- Born: 1967 (age 58–59) Mahesana, Gujarat, India
- Education: Bachelor of Engineering (Civil)
- Alma mater: Maharaja Sayajirao University of Baroda
- Occupation: Politician
- Political party: Bharatiya Janata Party

= Mukesh Patel =

Indian politician

Mukesh Kumar Patel (born 1967) is an Indian politician from Gujarat. He is a member of the Gujarat Legislative Assembly from Mahesana Assembly constituency in Mahesana district. He won the 2022 Gujarat Legislative Assembly election representing the Bharatiya Janata Party.

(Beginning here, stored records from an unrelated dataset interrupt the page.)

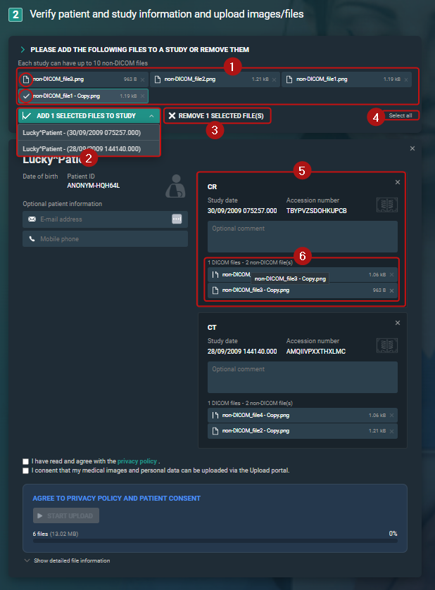 6 | Start upload | This button initiates the upload. It is not available until you have agreed to the privacy policy and patient consent. |
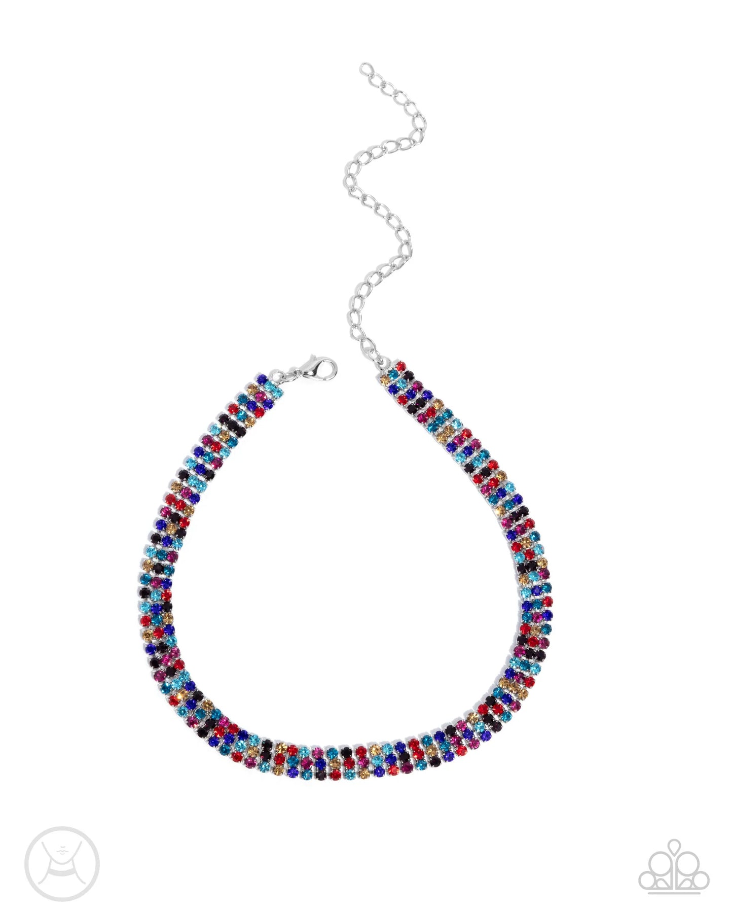 Featuring sleek square fittings, strands of glittery multicolored crystal-like and faceted rhinestones coalesce into a regal display around the neck. Features an adjustable clasp closure.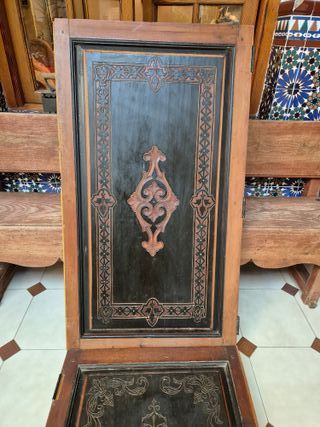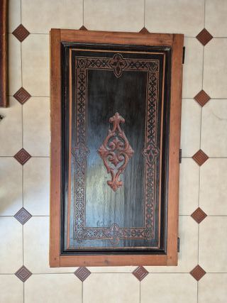 Puertas de armario de finales del siglo XIX con diseño decorativo. - Madera maciza labrada. - Panel central oscuro con motivos florales en relieve y color más claro. - Posible uso como adorno de pared, cuadro, tablero de mesa, etc. - Precio de cada puerta: 30 € Medidas: 66,5 cm x 66,5 cm. Peso unos 10 kg - Signos de uso y desgaste dada su antigüedad. Ver fotos y solicitar la información que necesite

== Early life and education ==
Patel is from Mahesana, Gujarat. He is the son of Dwarkadas Patel. He completed his bachelor's degree in civil engineering from the Maharaja Sayajirao University of Baroda in 1989.

== Career ==
Patel won from Mahesana Assembly constituency representing Bharatiya Janata Party in the 2022 Gujarat Legislative Assembly election. He polled 98,816 votes and defeated his nearest rival, PK Patel of the Indian National Congress, by a margin of 45,794 votes. Former deputy chief minister and outgoing MLA Nitin Patel has opted to stay out but picked his own replacement and nominated Mukesh Patel as the MLA candidate and supported him during the campaign.